It's important to note that the username/password pairs used here are totally seperate from actual user account information. The authentication information is of your creation - you establish the username/password, and the "users" cannot change them (only you can do that, using the htpasswd command). Be certain that your users know that the username/password information you give them is seperate from their own user account information - itās only for accessing this protected data.

  1. Create a seperate directory in your ~/public_html directory, and set its permissions. This is where you'll keep your password-protected web pages. It doesn't have to be called protected-dir, but that's what we're using for this example. If you use a differenty name, be sure to use that name instead of protected-dir throughout all of this.
    mkdir ~/public_html/protected-dir
    chmod o+rx ~/public_html/protected-dir
  2. Create the files .htaccess and .htpasswd inside the new directory
    touch ~/public_html/protected-dir/.htaccess
    touch ~/public_html/protected-dir/.htpasswd

    The .htpasswd file contains the username/password data for your protected directory.
    The .htaccess file defines the kind of protection, and tells the server where your .htpasswd file is.

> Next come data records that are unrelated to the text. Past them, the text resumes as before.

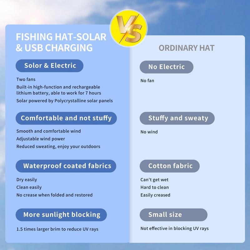 - USB Charging & Solar Powered: This men's fishing sun hat has two power modes, solar powered or USB charging. Charging for 3 hours can last up to 9 hours. The "SUM" mode is solar powered, which can last indefinitely in a light environment.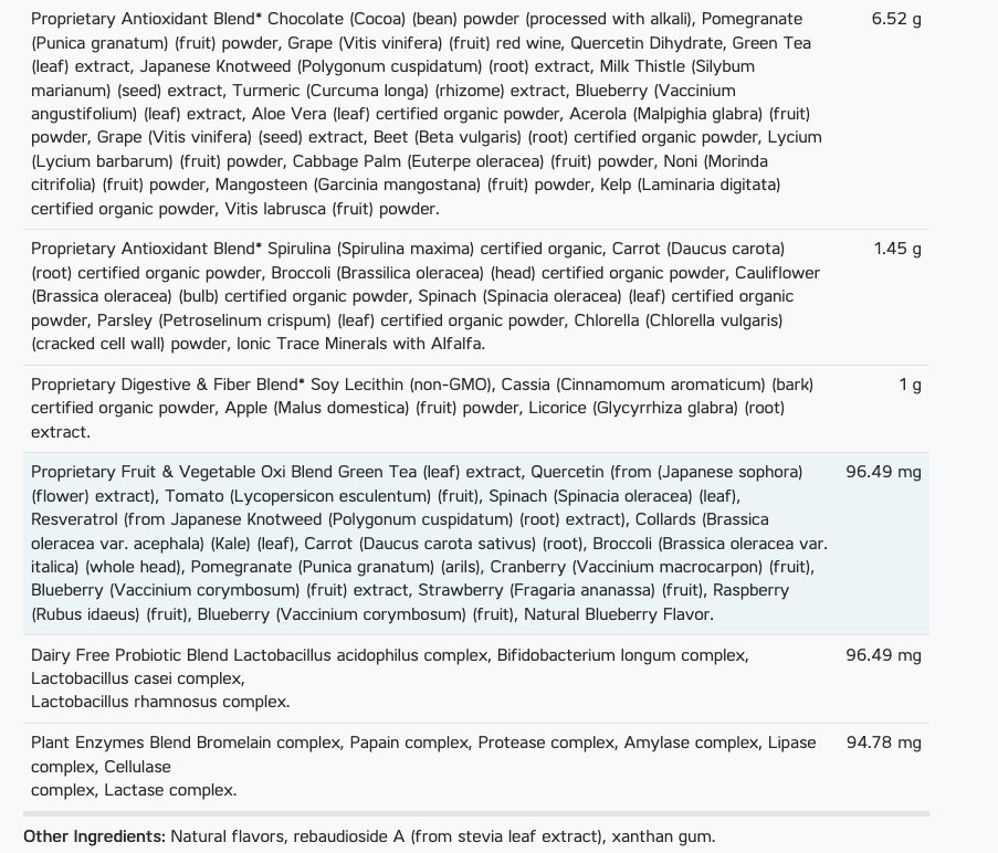 Each scoop of Power Greens® Chocolate has a high ORAC value, providing powerful antioxidant support. ORAC (Oxygen Radical Absorbance Capacity) is a method of measuring antioxidant capacities of different foods. Consuming foods with high antioxidant capacity is believed to play an important role in the elimination of free radicals and in the achievement of physiological balance.*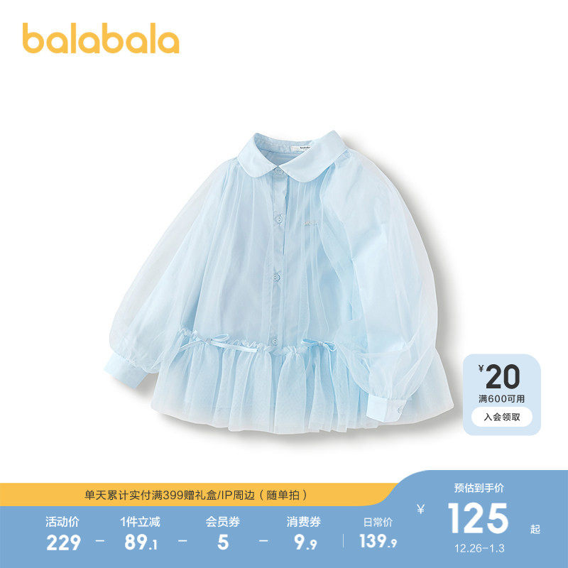 巴拉巴拉童装女童长袖衬衫儿童上衣2025秋装新款网纱衬衣甜美百搭

  3. Set file protections for the files. Both the file must be accessible by the www user, a non-privved account that the WWW server runs as.
    chmod o+r ~/public_html/protected-dir/.htaccess
    chmod o+r ~/public_html/protected-dir/.htpasswd
  4. add user(s) to the .htpasswd file:
    htpasswd ~/public_html/protected-dir/.htpasswd user

    Youāll be prompted for a password for the user. Repeat as needed for as many user names as you need.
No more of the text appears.